* Task goal
Your output should be the lines below from the one holding "未・来Jobまつやまでは、毎" through the one holding "All-in-One Expansion USB", transcribed exactly, with no pictures.

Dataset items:
· · · · · · ·

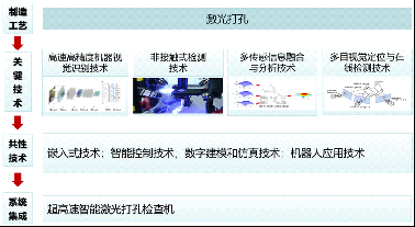 该方向拟通过高速高精度机器视觉识别技术、非接触式检测技术、多传感信息融合与分析技术、多目视觉定位与在线检测技术的集成和深度融合,通过系统优化及集成创新,提升整机的运行速率、检测功能、加工精度,同时持续升级提高产能,降低成本(技术路线见图3)。如第十代机由最初的60/分提升至3600/分的打孔速度,打孔精度进一步提升至100 um。我们将持续推进,提升整机的感知、分析、推理、决策、控制的智能化水平,提升产能,降低成本,提高成品率,保持国际领先水平。
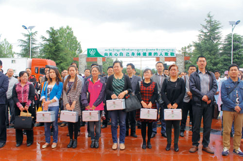西藏阜康(國(guó)際)健康體檢中心王斌董事長(zhǎng)首先向?yàn)榇龠M(jìn)西藏和諧發(fā)展長(zhǎng)期駐村(居)的工作人員表示崇高的敬意!據(jù)了解,本次為拉薩市267個(gè)駐村(居)工作隊(duì)贈(zèng)送的小藥箱中配備了急救類(lèi)、解熱鎮(zhèn)痛類(lèi)、治感冒類(lèi)、止咳化痰類(lèi)、抗菌藥物類(lèi)等14類(lèi)共31種常用藥品及電子血壓計(jì),總價(jià)值約20萬(wàn)元。王斌董事長(zhǎng)在贈(zèng)送儀式上講到“本次開(kāi)展西藏阜康(國(guó)際)健康體檢中心向駐村(居)工作隊(duì)贈(zèng)送藥箱活動(dòng),旨在為民解困難,為民辦實(shí)事,為我們駐村(居)工作人員健康做好堅(jiān)實(shí)的后盾,促進(jìn)西藏穩(wěn)定和諧發(fā)展。”王斌董事長(zhǎng)希望能給駐村(居)工作人員帶來(lái)健康,同時(shí)也希望能在黨的群眾路線(xiàn)教育實(shí)踐活動(dòng)中獻(xiàn)出民營(yíng)企業(yè)的一份綿薄之力。
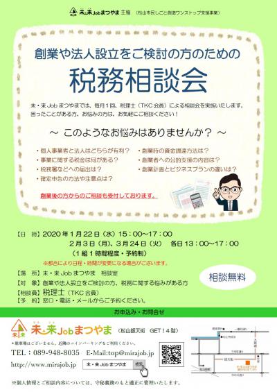 未・来Jobまつやまでは、毎月1回、税理士(TKC会員)による相談会を実施いたします。困ったことがある方、お悩みの方は、お気軽にご相談ください!
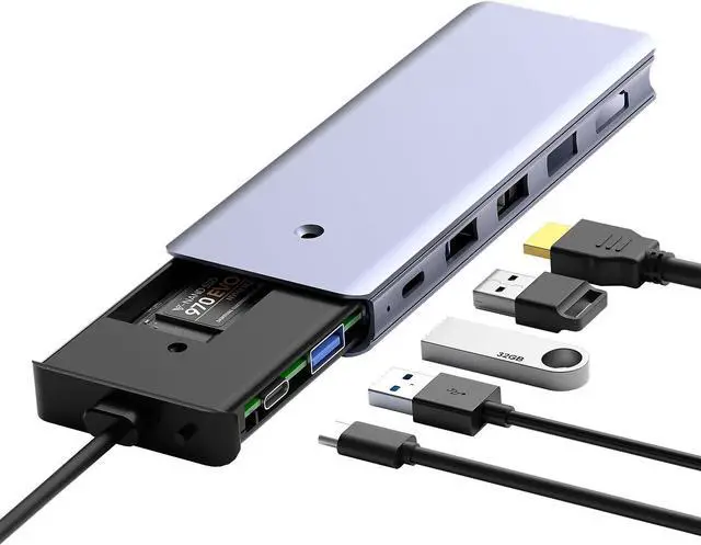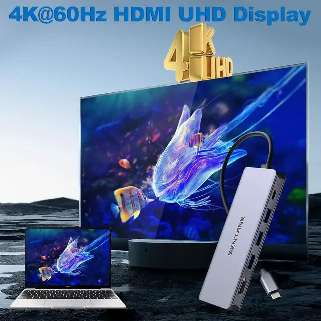 All-in-One Expansion USB C HUBUpgrade your device with SENTANK's versatile 6-in-1 USB C Hub, featuring an M.2 NVMe SSD Hard Drive Enclosure, 4K@60Hz HDMI, and 3 10Gbps USB 3.0 ports and USB C PD charging port with 100W power delivery to make a perfect all-in-one solution for your seamless connectivity.
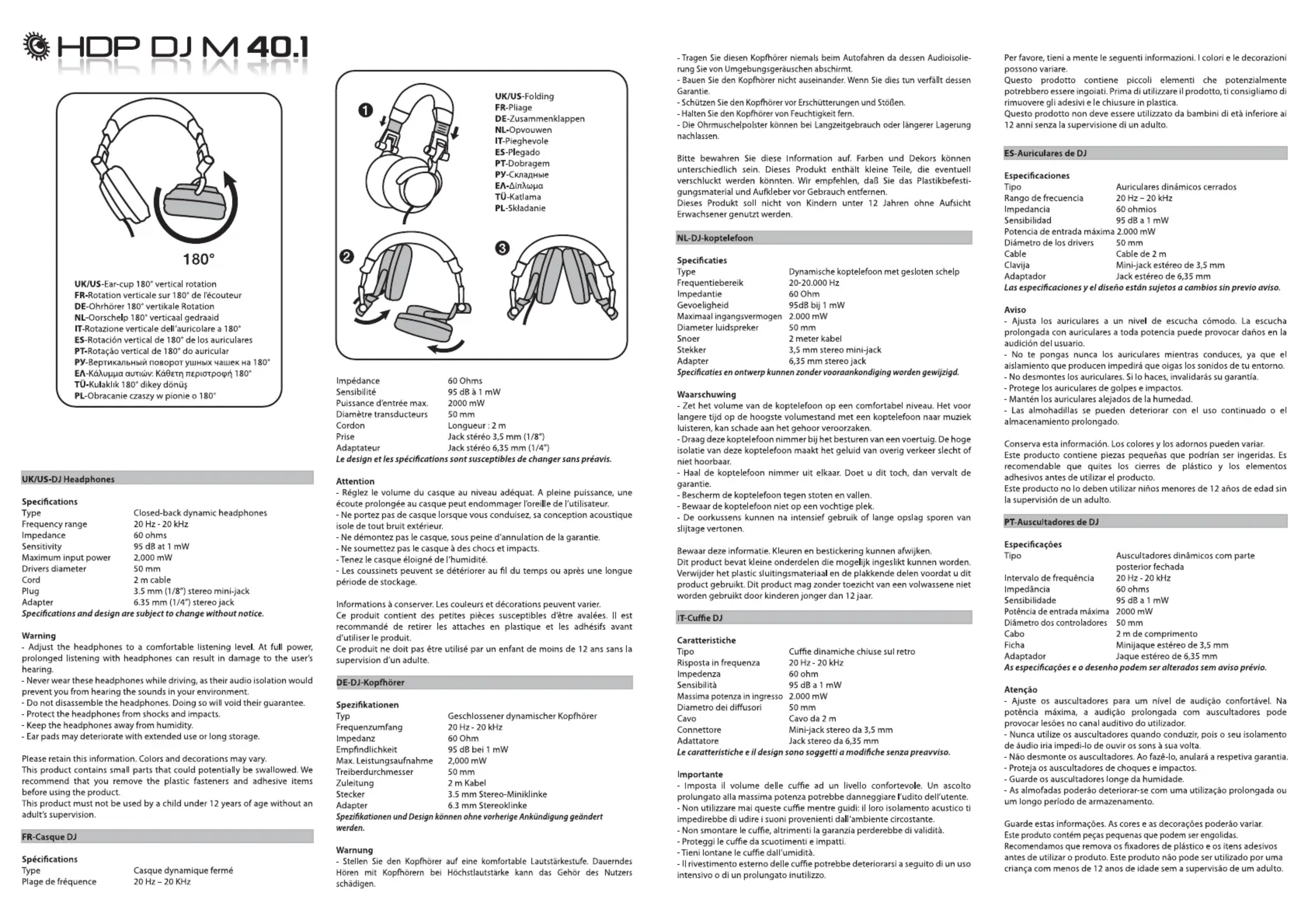 HDP DJ M 40.1 - Ecouteur HERCULES - Notice d'utilisation et mode d'emploi gratuit
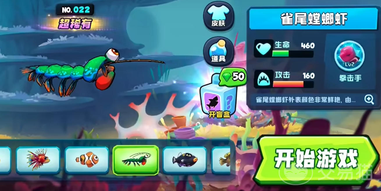 雀尾螳螂虾:它有着460的生命和160的攻击,虽然血量不算多,但这是一个偏向于进攻的鱼类,160的攻击就足以看出它在进攻方面的优势,此外他的技能拳击手还能增加额外30%的攻击力,随着等级的提升,这个攻击力的增幅还会进一步增加,而且这招还能帮助它增大击退的范围,所以非常适合于游斗,可以使用边打边撤的套路来压制对手。

· · · · · · ·

* Answer section
 未・来Jobまつやまでは、毎月1回、税理士(TKC会員)による相談会を実施いたします。困ったことがある方、お悩みの方は、お気軽にご相談ください!
 All-in-One Expansion USB C HUBUpgrade your device with SENTANK's versatile 6-in-1 USB C Hub, featuring an M.2 NVMe SSD Hard Drive Enclosure, 4K@60Hz HDMI, and 3 10Gbps USB 3.0 ports and USB C PD charging port with 100W power delivery to make a perfect all-in-one solution for your seamless connectivity.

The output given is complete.